_RECORD EXCERPTS_:
^^^^

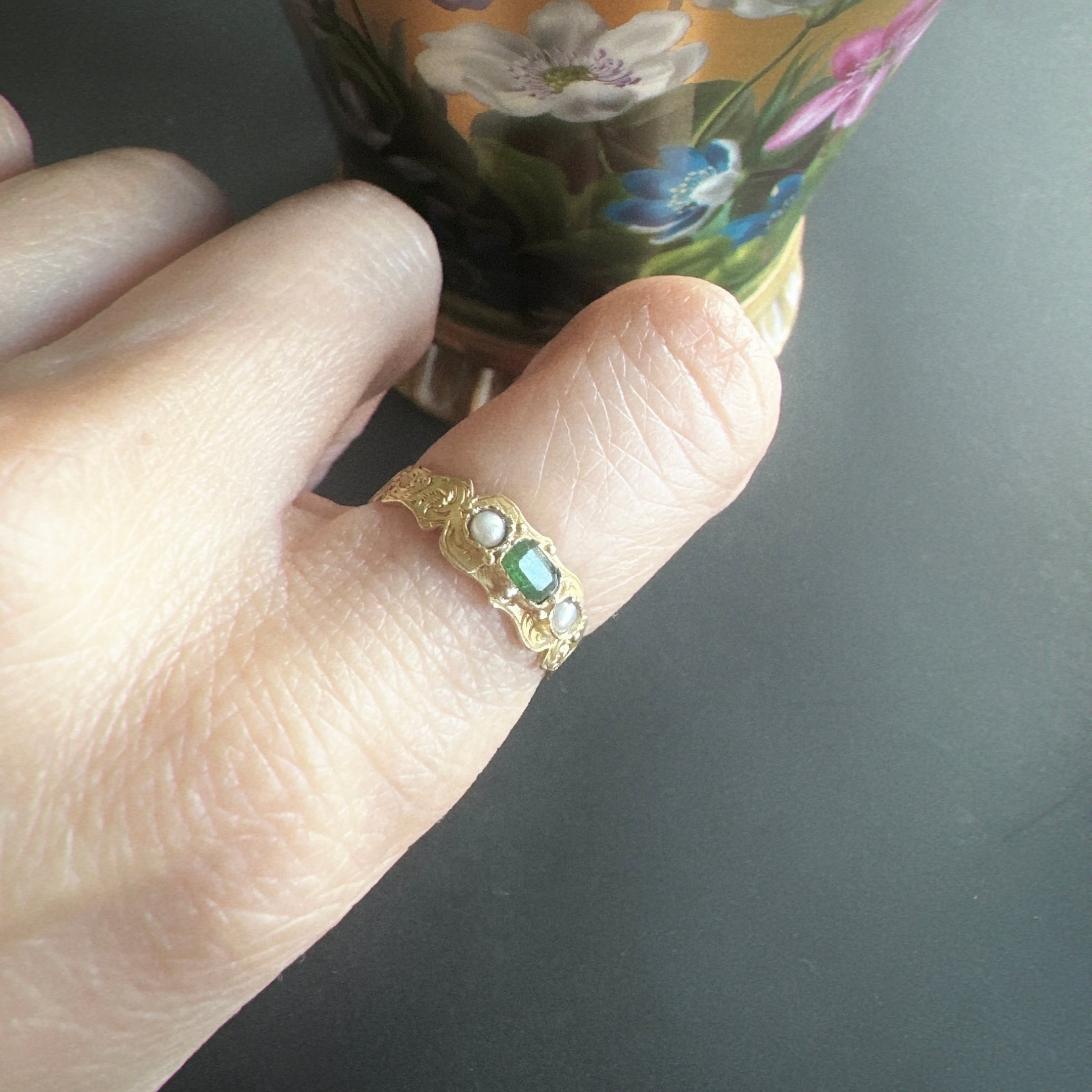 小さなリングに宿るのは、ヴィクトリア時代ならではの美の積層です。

^^^^

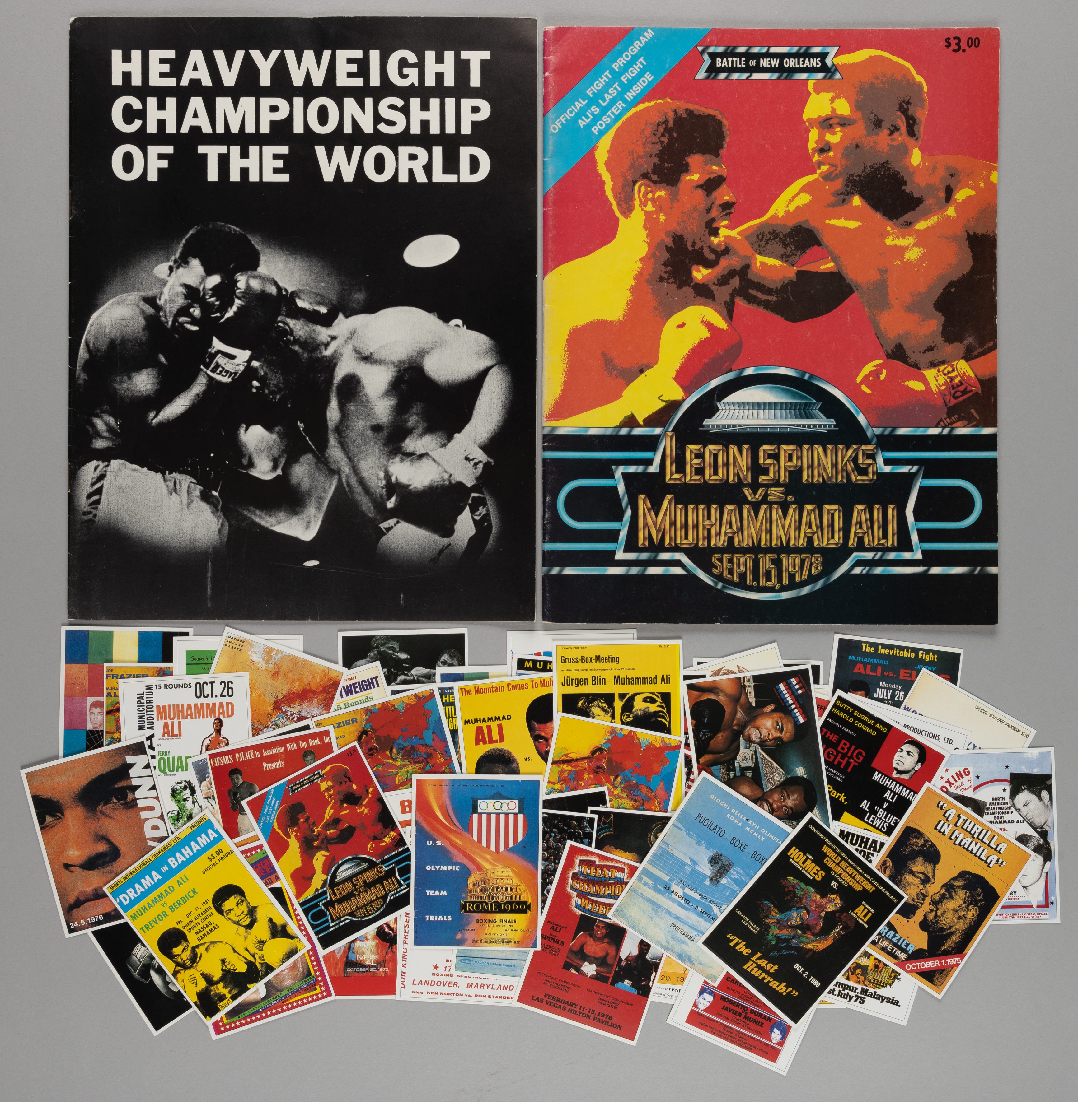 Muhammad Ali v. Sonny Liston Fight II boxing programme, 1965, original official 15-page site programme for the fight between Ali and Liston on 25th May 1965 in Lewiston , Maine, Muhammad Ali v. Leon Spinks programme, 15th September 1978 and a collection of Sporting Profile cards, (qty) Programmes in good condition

^^^^

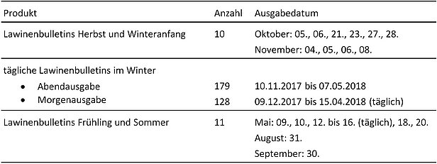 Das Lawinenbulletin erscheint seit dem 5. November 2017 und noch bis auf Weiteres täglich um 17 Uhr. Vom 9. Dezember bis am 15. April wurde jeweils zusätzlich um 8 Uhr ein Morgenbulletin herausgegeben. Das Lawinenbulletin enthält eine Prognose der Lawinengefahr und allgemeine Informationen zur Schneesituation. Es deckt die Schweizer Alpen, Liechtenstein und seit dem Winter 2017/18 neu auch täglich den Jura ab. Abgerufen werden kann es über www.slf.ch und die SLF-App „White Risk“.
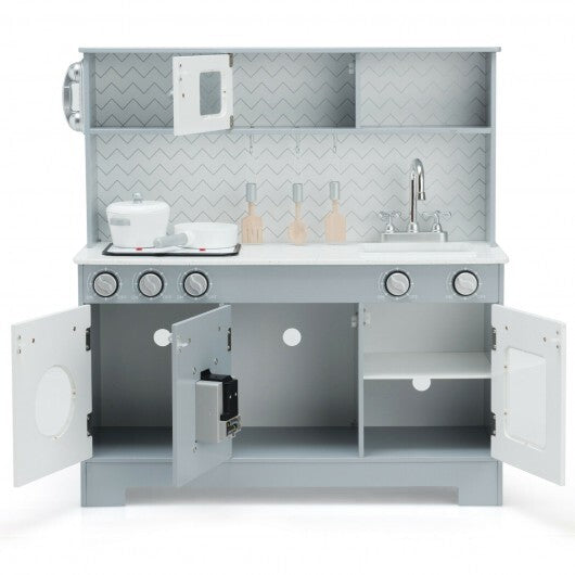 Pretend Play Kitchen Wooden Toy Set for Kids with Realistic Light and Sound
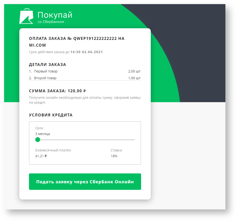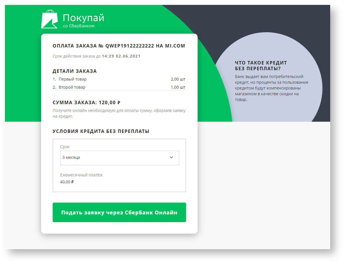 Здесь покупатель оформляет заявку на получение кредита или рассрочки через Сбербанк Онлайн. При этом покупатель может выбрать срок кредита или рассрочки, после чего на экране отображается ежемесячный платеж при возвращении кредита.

^^^^

_ACTIVITY_: What you write out is the stretch of entries from the line containing "Pretend Play Kitchen" to the line containing "Здесь покупатель оформляет", word for word, with both end lines and no pictures.

_WRITTEN SOLUTION_:
 Pretend Play Kitchen Wooden Toy Set for Kids with Realistic Light and Sound
 Здесь покупатель оформляет заявку на получение кредита или рассрочки через Сбербанк Онлайн. При этом покупатель может выбрать срок кредита или рассрочки, после чего на экране отображается ежемесячный платеж при возвращении кредита.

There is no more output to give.